Bloom’s Taxonomy and the Place of Creativity
Having been an educator for over forty years, my thoughts naturally turned to the fundamentals of teaching and learning—Bloom’s Taxonomy. For decades, Bloom’s Taxonomy has served as a guiding framework in education. In its revised form, the hierarchy progresses through six cognitive levels: Remember, Understand, Apply, Analyse, Evaluate, and finally, Create. Significantly, “Create” occupies the highest position, recognising creativity as the most advanced form of learning and thinking.
This emphasis on creativity is particularly relevant in preparing children for a future where innovation, design, content creation, and problem-solving will increasingly define success.
Flipping Bloom’s Taxonomy
After watching my grandchildren I joined Ms Shelly Wright in questioning the pyramid because it creates the impression that there is a scarcity of creativity — only those who can traverse the bottom levels and reach the summit can be creative.

Educational thinker Shelley Wright, in her article Flipping Bloom’s Taxonomy (2012), challenges the traditional approach. She argues: “In the 21st century, we flip Bloom’s taxonomy. Rather than starting with knowledge, we start with creating, and eventually discern the knowledge that we need from it.”
In reality, children often learn by creating first—through play, experimentation, storytelling, building, drawing, filming, and exploring. The process of creation itself becomes a pathway to knowledge.
This student-centred approach may not always fit comfortably within highly structured educational systems, but it resonates strongly with the natural learning patterns of today’s children.
Beyond the Pyramid
Bloom’s Taxonomy has also attracted criticism for its rigid pyramid representation. More recent interpretations portray the framework as a set of interlocking cogs, symbolising the interconnected nature of cognition. In this model, “Create” is not merely the final destination; it interacts continuously with remembering, understanding, analysing, and evaluating.

The image of interconnected gears better reflects how learning actually occurs. Creativity is not an endpoint but a driving force that energises all other forms of thinking. Such an understanding is especially important in preparing young learners for the emerging Orange Economy, where originality, innovation, and adaptability are prized assets.

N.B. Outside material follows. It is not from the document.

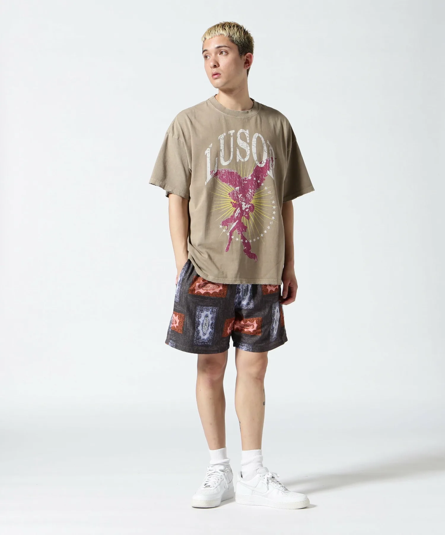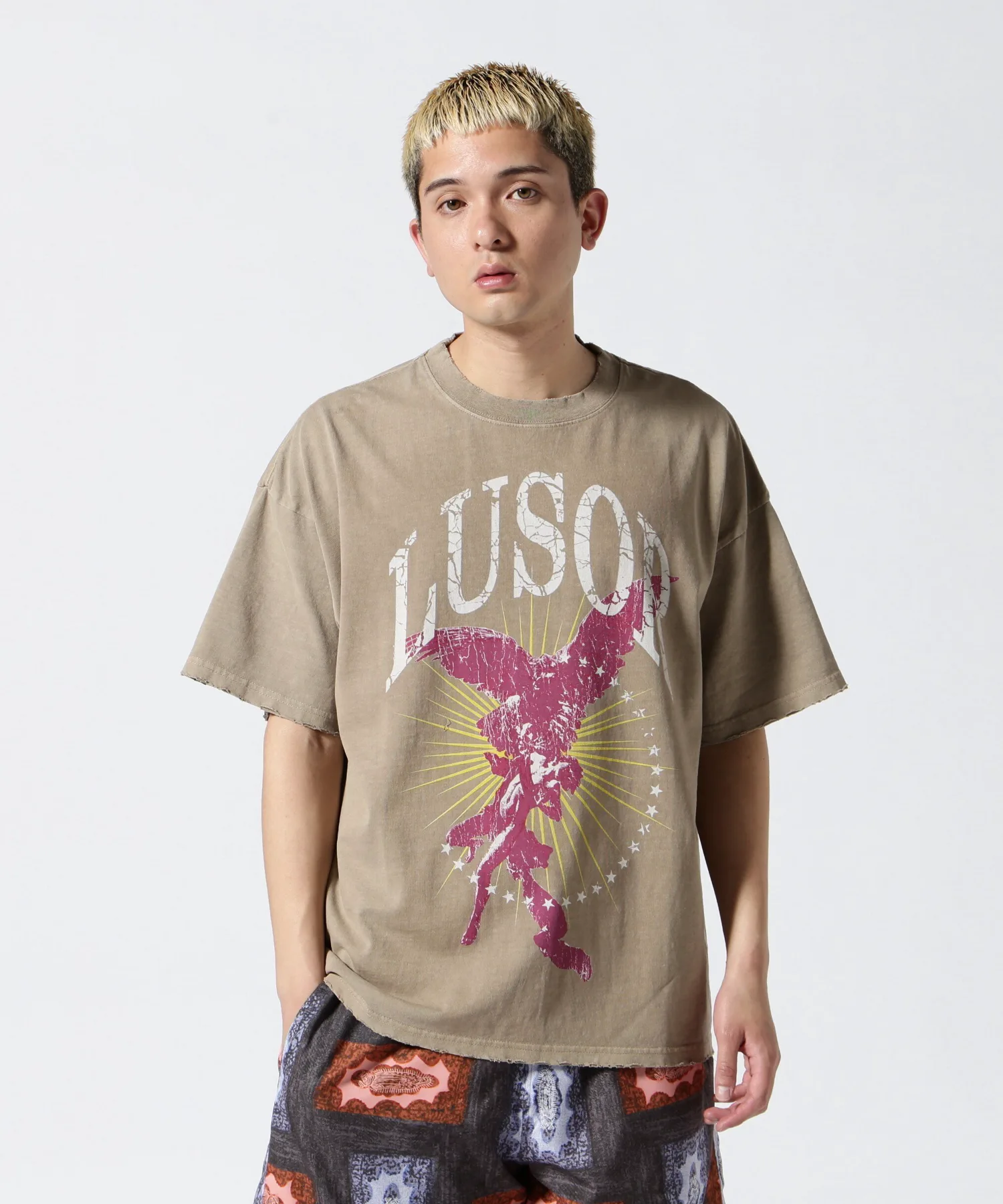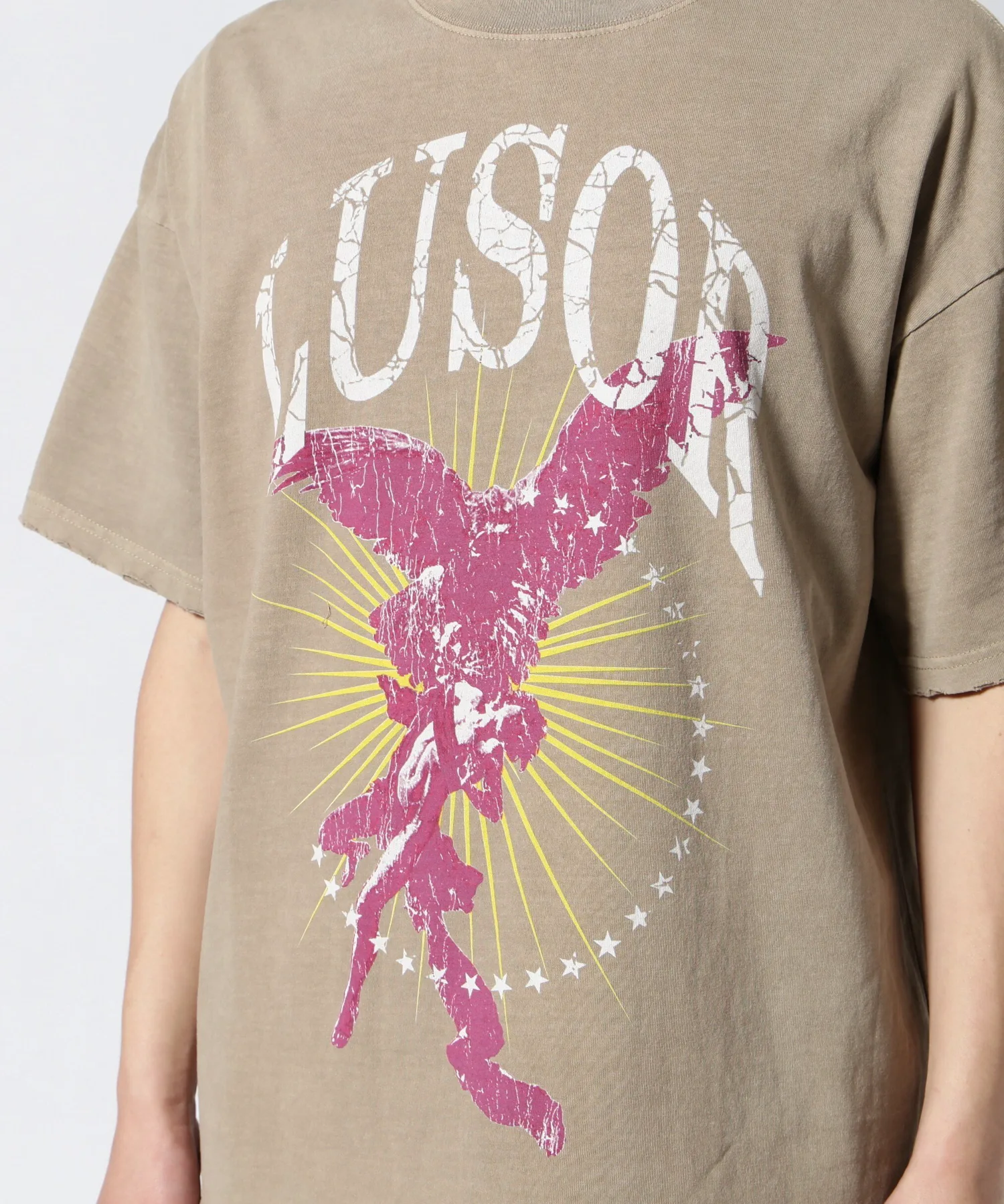 Футболка, специально разработанная с американским повседневным дизайном и винтажным эффектом потертости.

Preserving and nurturing the childlike creativity is the greatest challenge today. Is our education system killing or nurturing the inborn creativity of gen alpha? And the bigger question: Is AI a facilitator or a threat to creativity?
The Responsibility Before Us
The ball is now firmly in the court of parents and educators. Generation Alpha possesses an innate creativity that often surprises and challenges us. Our task is not to constrain it within rigid boundaries but to provide the environment, encouragement, and opportunities that allow it to flourish.
As we look towards a future that increasingly values ideas over routines and innovation over repetition, one question remains before us: Are we prepared to nurture the creative potential that these children already carry within them?
The future seems ready for Generation Alpha. The greater challenge may be whether we, their parents and educators, are ready for them.